Kemudian bidang politik praktis dimasukinya melalui pemilihan umum pada tahun
1955 dan Hamka terpilih menjadi anggota konstituante dari Partai Masyumi. Dalam
lembaga ini, sesuai dengan kebijakan Masyumi, Hamka maju dengan usul mendirikan
negara yang berdasarkan atas al-Qur’an dan Sunnah.[10]
Pada masa Orde Baru, Hamka sering dipercaya pemerintah untuk menghadiri
pertemuan-pertemuan negara Islam, di antaranya Konferensi Negara-negara Islam
di Rabat (1968), Muktamar Masjid di Mekah (1976) juga seminar tentang Islam dan
peradaban di Kuala Lumpur Malaysia. Dan dua bulan sebelum beliau wafat, Hamka
yang tercatat sebagai ketua Majlis Ulama Indonesia, menyatakan pengunduran
dirinya disebabkan adanya perbedaan persepsi antara MUI dengan pemerintah
tentang perayaan Natal bersama kaum Kristen dan Islam.

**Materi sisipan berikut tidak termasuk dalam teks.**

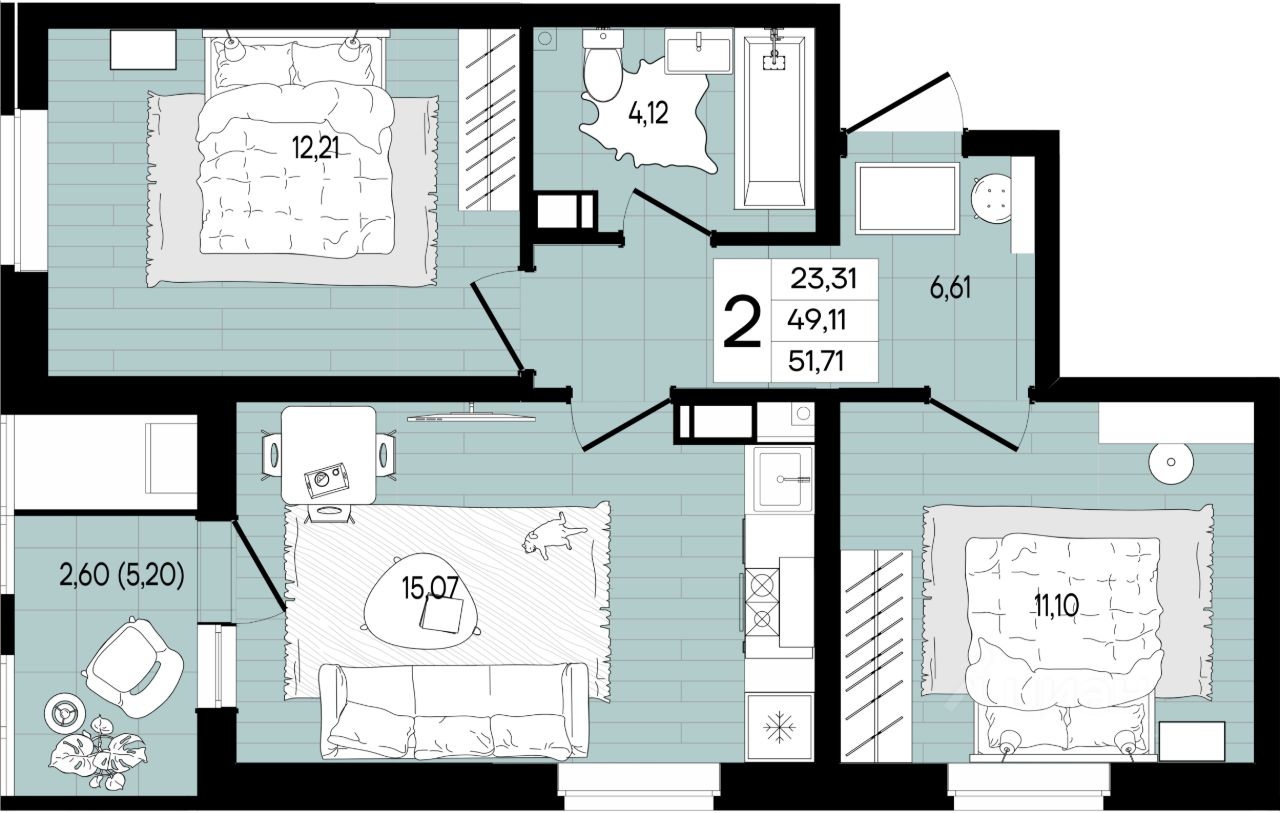 Общая площадь51,71 м²

MUI memfatwakan haram hukumnya bagi umat Islam menghadiri perayaan Natal
bersama dengan umat Kristen, sementara pemerintah memandang sebaliknya.

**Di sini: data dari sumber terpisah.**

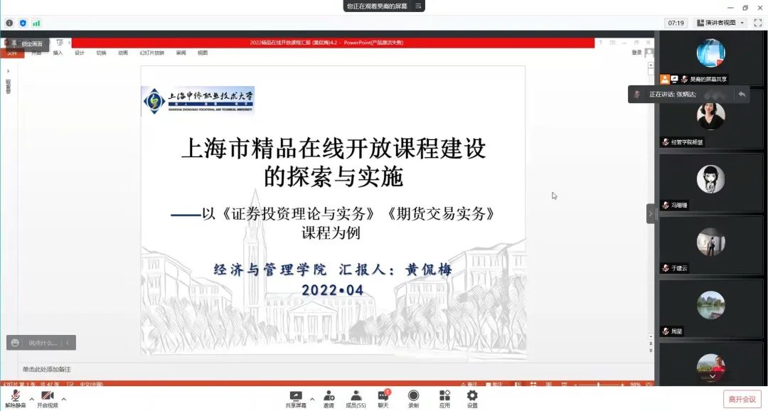会上,证券实务专业主任黄侃梅副教授以《上海市在线精品课程的建设与实践》为题,结合自己所承担的两门在线精品课程建设历程,从课程建设概况、课程建设成绩、课程建设的反思、课程建设的不足及展望四个方面,详细介绍了自己及其团队在精品课程建设中的有益做法和体会。黄老师的精彩交流分享,在全体教师中产生积极反响,大家认为,黄老师的精彩汇报,不仅对经管学院今后的精品课程建设有重要借鉴意义,而且对全校的精品课程建设同样具有指导意义。

Sehingga pada suatu pertemuan antara MUI dengan pemerintah, Menteri Agama yang
waktu itu dijabat oleh Alamsyah ratu Prawiranegara mengancam akan mengundurkan
diri sebagai Menteri Agama jika MUI tidak mencabut fatwanya tersebut. Namun
Hamka memandang bahwa Menteri Agama tidak perlu mengundurkan diri, karena MUI
akan mencabut fatwa tersebut dengan catatan bahwa pencabutan fatwa tersebut
bukan berarti membatalkan sahnya fatwa yang telah dikeluarkan itu.[11]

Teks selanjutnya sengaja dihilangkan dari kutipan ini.